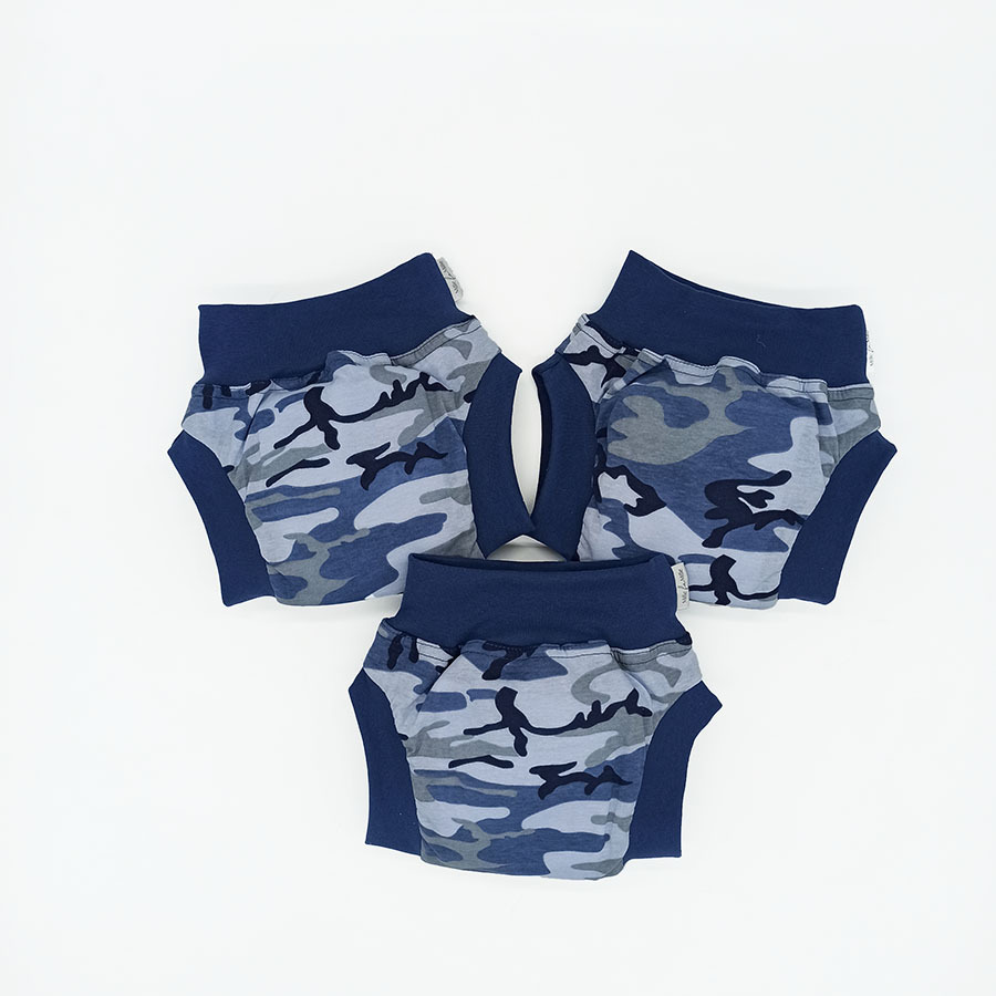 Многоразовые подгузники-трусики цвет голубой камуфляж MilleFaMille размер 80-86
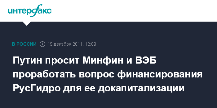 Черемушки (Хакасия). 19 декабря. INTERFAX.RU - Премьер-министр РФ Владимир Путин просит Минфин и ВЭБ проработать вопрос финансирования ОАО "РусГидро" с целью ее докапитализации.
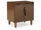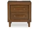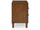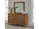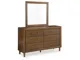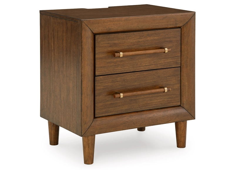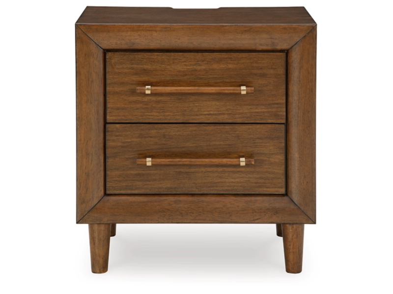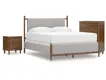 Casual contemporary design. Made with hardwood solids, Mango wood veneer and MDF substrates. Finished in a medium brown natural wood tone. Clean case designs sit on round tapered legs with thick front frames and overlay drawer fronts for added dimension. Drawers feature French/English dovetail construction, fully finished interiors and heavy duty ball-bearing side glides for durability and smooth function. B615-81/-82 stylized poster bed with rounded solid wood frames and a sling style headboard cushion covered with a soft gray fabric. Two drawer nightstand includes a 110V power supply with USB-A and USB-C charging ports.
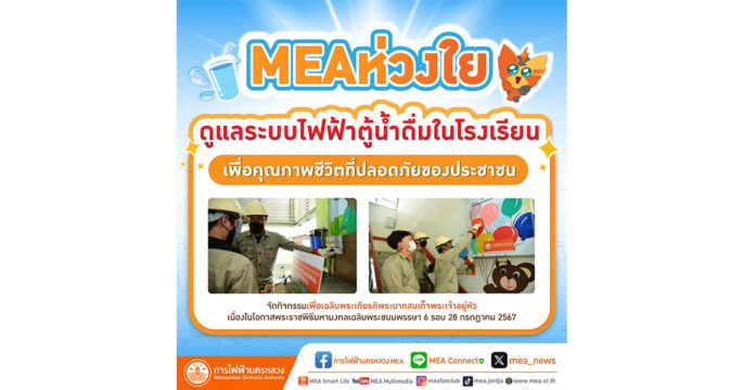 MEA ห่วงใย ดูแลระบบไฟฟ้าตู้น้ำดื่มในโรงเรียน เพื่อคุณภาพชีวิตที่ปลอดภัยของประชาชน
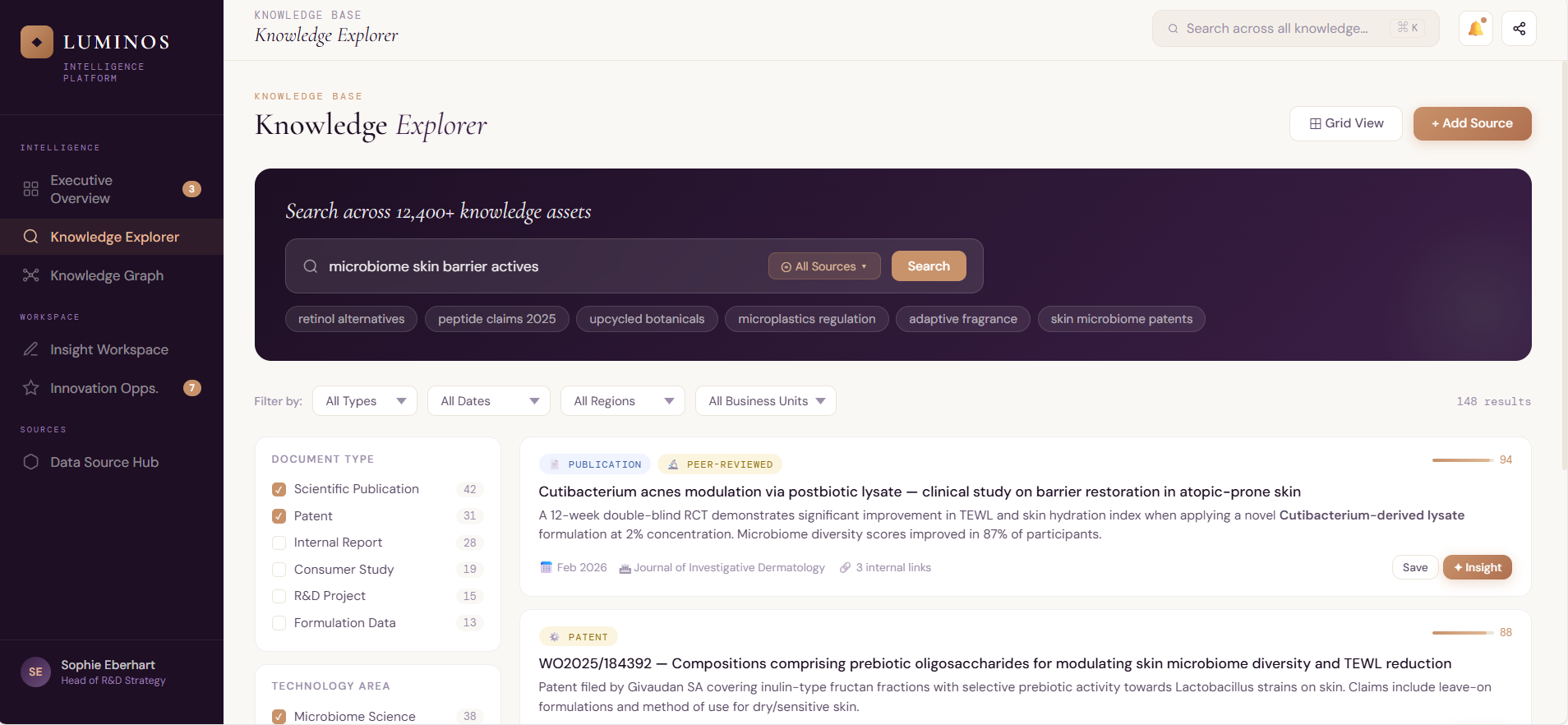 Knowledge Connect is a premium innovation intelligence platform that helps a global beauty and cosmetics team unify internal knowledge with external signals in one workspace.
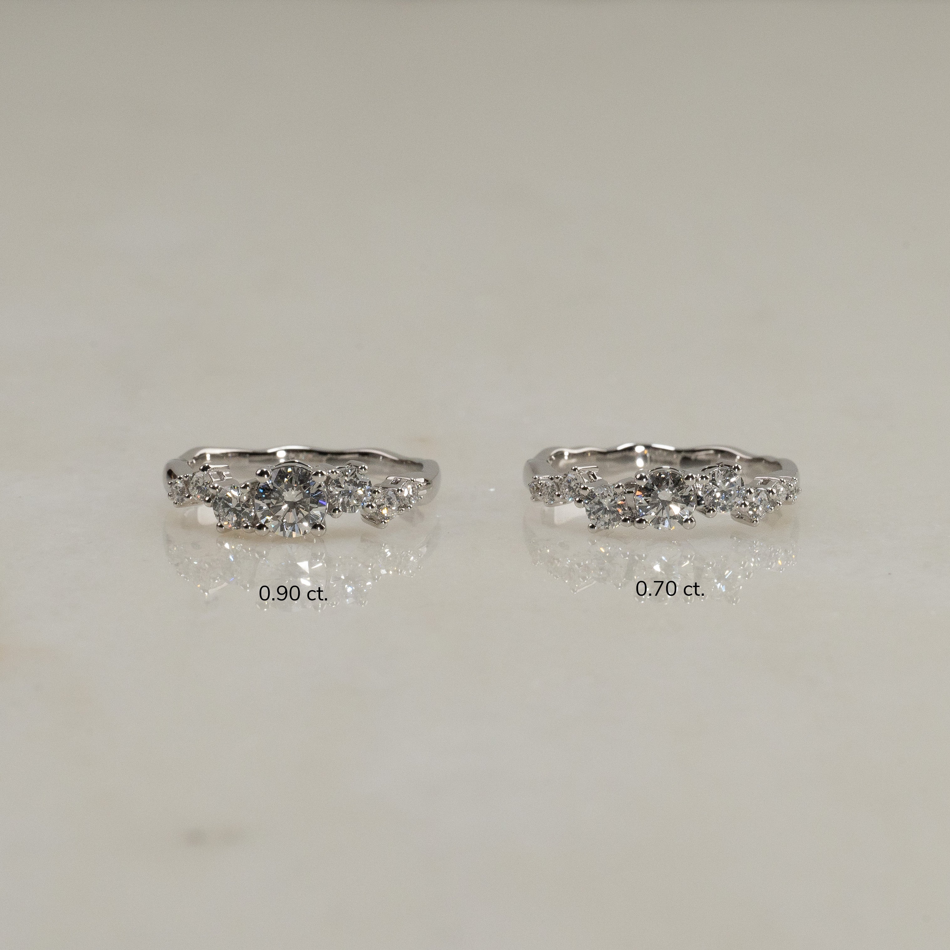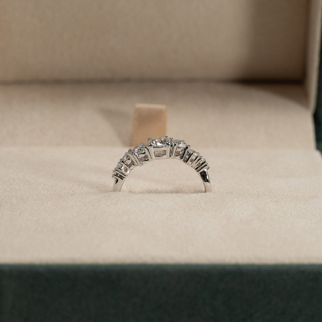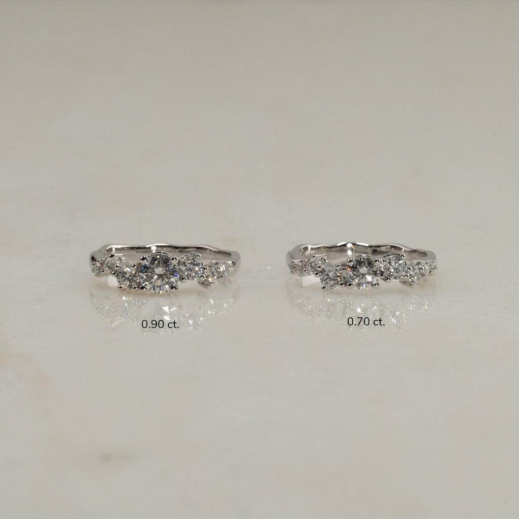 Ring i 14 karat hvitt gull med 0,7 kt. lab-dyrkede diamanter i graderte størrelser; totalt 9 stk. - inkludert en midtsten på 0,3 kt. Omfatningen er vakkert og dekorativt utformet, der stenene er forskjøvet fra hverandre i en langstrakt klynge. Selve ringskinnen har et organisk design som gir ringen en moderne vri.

--

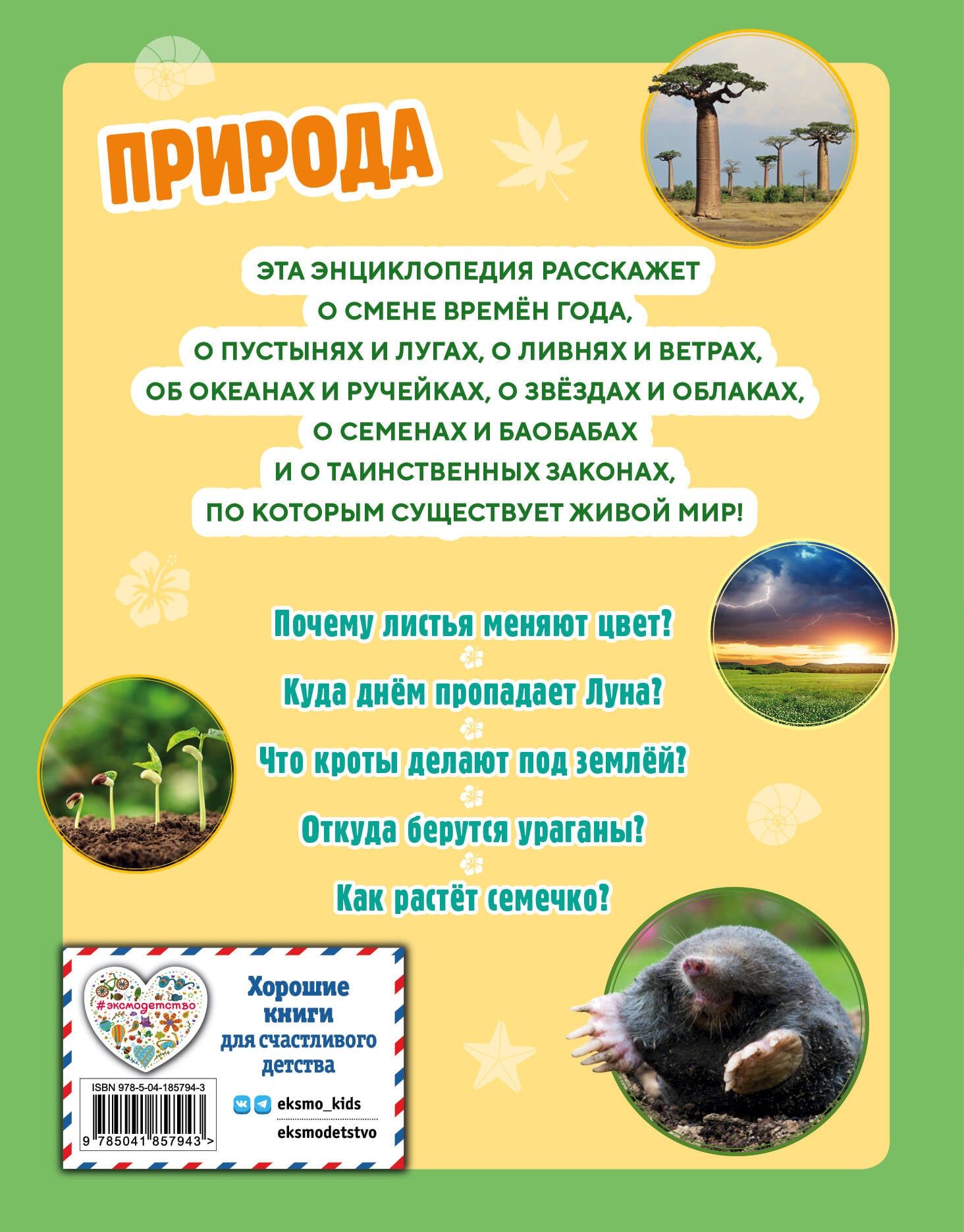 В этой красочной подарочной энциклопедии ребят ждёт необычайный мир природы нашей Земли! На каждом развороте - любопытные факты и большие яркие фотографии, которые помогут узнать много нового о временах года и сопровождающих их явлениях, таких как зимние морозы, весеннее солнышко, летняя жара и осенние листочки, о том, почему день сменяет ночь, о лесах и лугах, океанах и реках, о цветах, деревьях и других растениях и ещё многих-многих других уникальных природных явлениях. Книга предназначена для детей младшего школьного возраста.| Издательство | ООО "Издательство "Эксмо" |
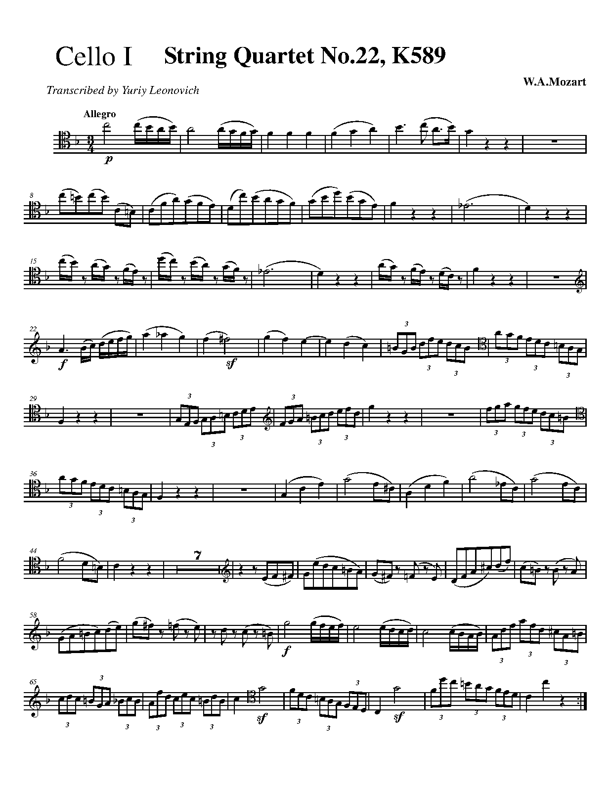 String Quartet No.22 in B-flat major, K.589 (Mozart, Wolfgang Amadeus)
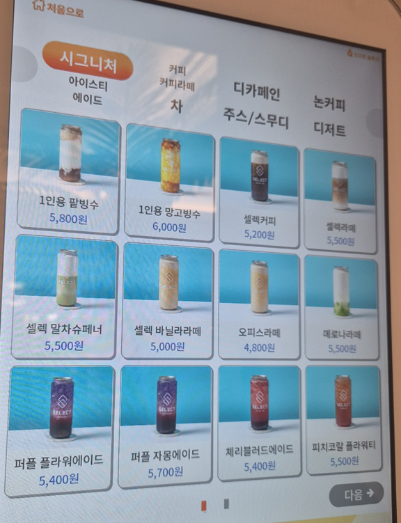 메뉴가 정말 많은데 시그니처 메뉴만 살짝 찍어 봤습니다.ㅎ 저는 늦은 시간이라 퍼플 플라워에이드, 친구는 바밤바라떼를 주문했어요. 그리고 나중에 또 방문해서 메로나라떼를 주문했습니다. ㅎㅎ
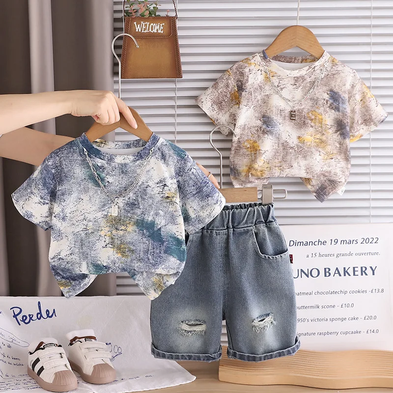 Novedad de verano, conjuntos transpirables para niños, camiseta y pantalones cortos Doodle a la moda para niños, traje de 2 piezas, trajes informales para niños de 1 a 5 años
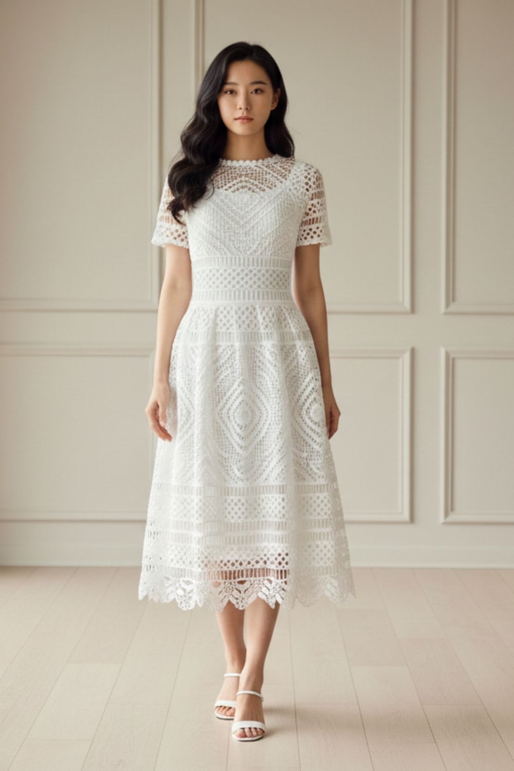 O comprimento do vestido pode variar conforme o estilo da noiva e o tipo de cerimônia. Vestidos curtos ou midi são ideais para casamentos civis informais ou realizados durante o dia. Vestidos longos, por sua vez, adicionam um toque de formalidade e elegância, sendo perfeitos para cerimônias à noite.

» **PROBLEM TO SOLVE**: Would you please repeat only the lines above, beginning at the one that has "Многоразовые подгузники-трусики цвет" and stopping after the one that has "Ring i 14 karat", exactly and with no pictures?

» **YOUR SOLUTION**:
 Многоразовые подгузники-трусики цвет голубой камуфляж MilleFaMille размер 80-86
 Черемушки (Хакасия). 19 декабря. INTERFAX.RU - Премьер-министр РФ Владимир Путин просит Минфин и ВЭБ проработать вопрос финансирования ОАО "РусГидро" с целью ее докапитализации.
 Casual contemporary design. Made with hardwood solids, Mango wood veneer and MDF substrates. Finished in a medium brown natural wood tone. Clean case designs sit on round tapered legs with thick front frames and overlay drawer fronts for added dimension. Drawers feature French/English dovetail construction, fully finished interiors and heavy duty ball-bearing side glides for durability and smooth function. B615-81/-82 stylized poster bed with rounded solid wood frames and a sling style headboard cushion covered with a soft gray fabric. Two drawer nightstand includes a 110V power supply with USB-A and USB-C charging ports.
 MEA ห่วงใย ดูแลระบบไฟฟ้าตู้น้ำดื่มในโรงเรียน เพื่อคุณภาพชีวิตที่ปลอดภัยของประชาชน
 Knowledge Connect is a premium innovation intelligence platform that helps a global beauty and cosmetics team unify internal knowledge with external signals in one workspace.
 Ring i 14 karat hvitt gull med 0,7 kt. lab-dyrkede diamanter i graderte størrelser; totalt 9 stk. - inkludert en midtsten på 0,3 kt. Omfatningen er vakkert og dekorativt utformet, der stenene er forskjøvet fra hverandre i en langstrakt klynge. Selve ringskinnen har et organisk design som gir ringen en moderne vri.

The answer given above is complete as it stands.